What is required — Set down the full listing exactly as given. Any pictures are to be left out.

Information supplied —
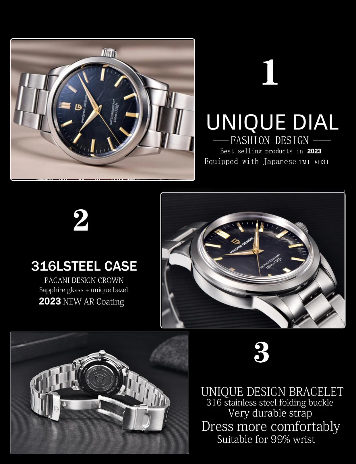 40MM Men Quartz Watches TMI VH31 Luxury Business Top Sapphire 316L Stainless Steel 100M Waterproof Watch for Men
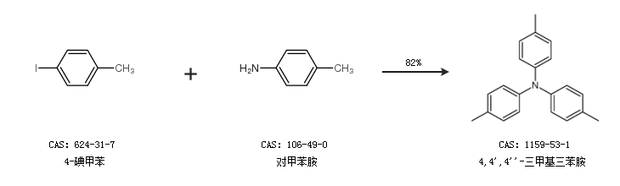 1.通過(guò)4-碘甲苯和對(duì)甲苯胺合成4,4'',4''''-三甲基三苯胺,收率約82%;
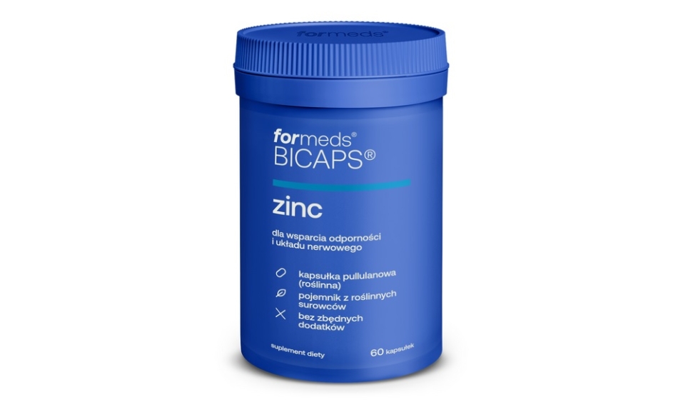BICAPS zinc zawiera połączenie dwóch składników mineralnych: cynku i miedzi, w wysoce przyswajalnych formach cytrynianów. Linia BICAPS to suplementy diety bez zbędnych dodatków zamknięte w pullulanowej kapsułce roślinnej.

Response to this exercise —
 40MM Men Quartz Watches TMI VH31 Luxury Business Top Sapphire 316L Stainless Steel 100M Waterproof Watch for Men
 1.通過(guò)4-碘甲苯和對(duì)甲苯胺合成4,4'',4''''-三甲基三苯胺,收率約82%;
BICAPS zinc zawiera połączenie dwóch składników mineralnych: cynku i miedzi, w wysoce przyswajalnych formach cytrynianów. Linia BICAPS to suplementy diety bez zbędnych dodatków zamknięte w pullulanowej kapsułce roślinnej.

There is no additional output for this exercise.